On Wed, Oct 30, 2024 at 05:34:16PM +0000, Mark Rutland wrote:
I originally just had a few comments on the commit message, but I believe I've found a logic issue in this patch, and more general issue throughout our FPSIMD/SVE/SME manipulation -- more details below.
I'm fairly sure there's at least one other issue lurking somewhere with TIF_SVE tearing, yes. I've not been able to get that to reproduce, and I've probably stared at this code too much to see it by pure inspection however it looks like you might've spotted the issue here.
On Wed, Oct 23, 2024 at 10:31:24PM +0100, Mark Brown wrote:
It would be nice to have the signature of the failure as well, e.g.

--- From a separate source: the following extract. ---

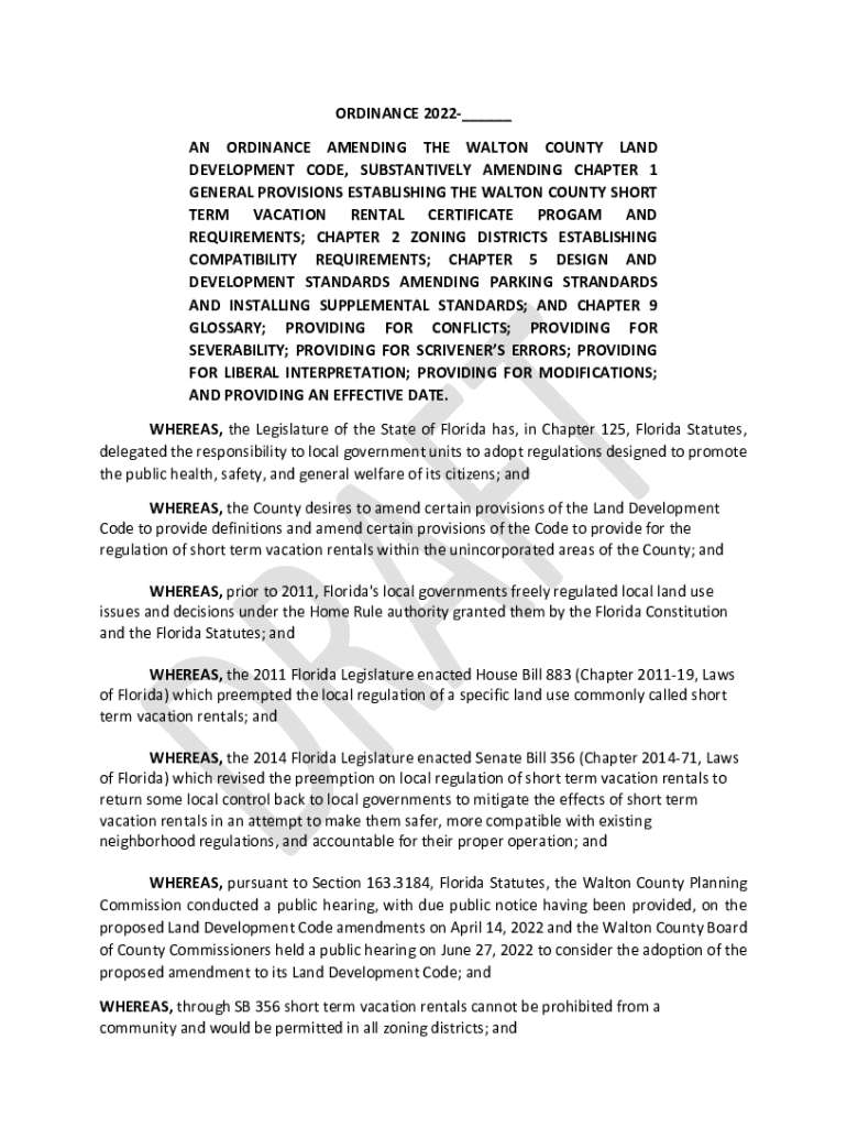 ORDINANCE 2022___ AN ORDINANCE AMENDING THE WALTON COUNTY LAND DEVELOPMENT CODE, SUBSTANTIVELY AMENDING CHAPTER 1 GENERAL PROVISIONS ESTABLISHING THE WALTON COUNTY SHORT TERM VACATION RENTAL CERTIFICATE

| This is intermittently detected by the fp-stress test, which | intermittently reports "ZA-VL-*-*: Bad SVCR: 0".
That's a common one for timing reasons, but it does also manifest with other outputs (eg, if we turn off ZA while trying to execute instructions that access ZA).

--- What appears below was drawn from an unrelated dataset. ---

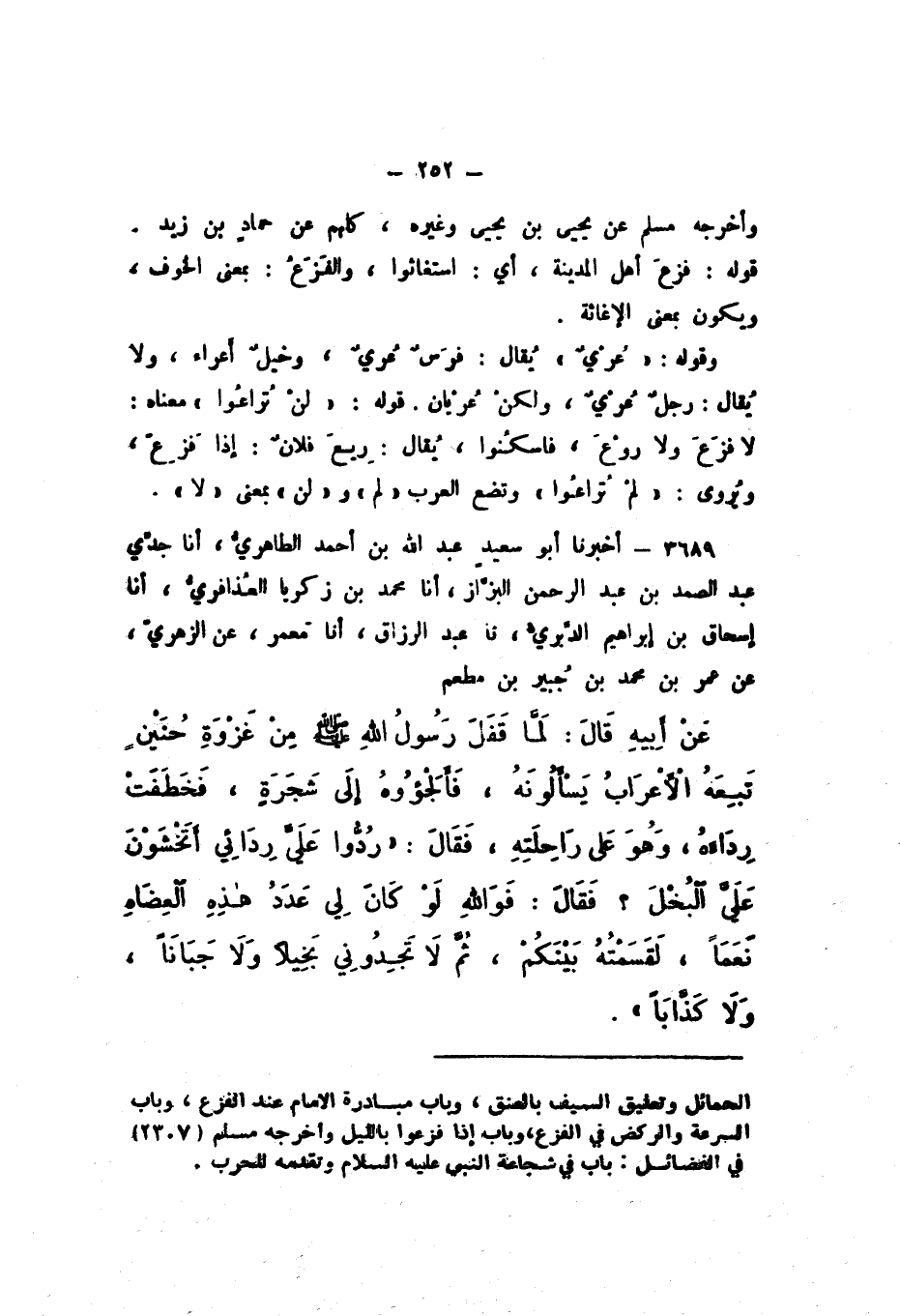 3689 - أَخْبَرَنَا أَبُو سَعِيدٍ عَبْدُ اللَّهِ بْنُ أَحْمَدَ الطَّاهِرِيُّ، أَنا جَدِّي عَبْدُ الصَّمَدِ بْنُ عَبْدِ الرَّحْمَنِ الْبَزَّازُ، أَنا مُحَمَّدُ بْنُ زَكَرِيَّا الْعَذَافِرِيُّ، أَنا إِسْحَاقُ بْنُ إِبْرَاهِيمَ الدَّبَرِيُّ، نَا عَبْدُ الرَّزَّاقِ، أَنا مَعْمَرٌ، عَنِ الزُّهْرِيِّ، عَنْ عُمَرَ بْنِ مُحَمَّدِ بْنِ جُبَيْرِ بْنِ مُطْعِمٍ، عَنْ أَبِيهِ، قَالَ: " لَمَّا قَفَلَ رَسُولُ اللَّهِ صَلَّى اللهُ عَلَيْهِ وَسَلَّمَ مِنْ غَزْوَةِ حُنَيْنٍ تَبِعَهُ الأَعْرَابُ يَسْأَلُونَهُ، فَأَلْجَئُوهُ إلَى شَجَرَةٍ، فَخَطَفَتْ رِدَاءَهُ، وَهُوَ عَلَى رَاحِلَتِهِ، فَقَالَ: رُدُّوا عَلَيَّ رِدَائِي، أَتخْشَوْنَ عَلَيَّ الْبُخْلَ؟ فَقَالَ: فَوَاللَّهِ لَوْ كَانَ لِي عَدَدُ هَذِهِ الْعِضَاهِ نَعَمًا، لَقَسَمْتُهُ بَيْنَكُمْ، ثُمَّ لَا تَجِدُونِي بَخِيلا، وَلا جَبَانًا، وَلا كَذَّابًا ".

I don't think this is correct in the TIF_FOREIGN_FPSTATE case. We don't unbind the saved state from another CPU it might still be resident on, and so IIUC there's a race whereby the updates to the saved state can end up discarded:
...
... and either:
- A subsequent return to userspace will see TIF_FOREIGN_FPSTATE is clear and not restore the in-memory state.
- A subsequent context-switch will see TIF_FOREIGN_FPSTATE is clear an save the (stale) HW state again.
It looks like we have a similar pattern all over the place, e.g. in do_sve_acc():
Yes, indeed - I think that's a separate bug caused by the recalcuation of TIF_FOREIGN_FPSTATE.
This is going to need a careful audit and a proper series of fixes that can be backported to stable.
It feels like a separate thing at any rate. We can do a simple and robust but performance impacting fix by having fpsimd_thread_switch() only ever set TIF_FOREIGN_FPSTATE, never clear it. That'd cause extra reloads in the case where we switch to a thread but stay in kernel mode which probably happens often enough to be palatable.
Otherwise I'm not sure it's *too* hard, TIF_FOREIGN_FPSTATE is a bit of a giveaway for places that could have issues.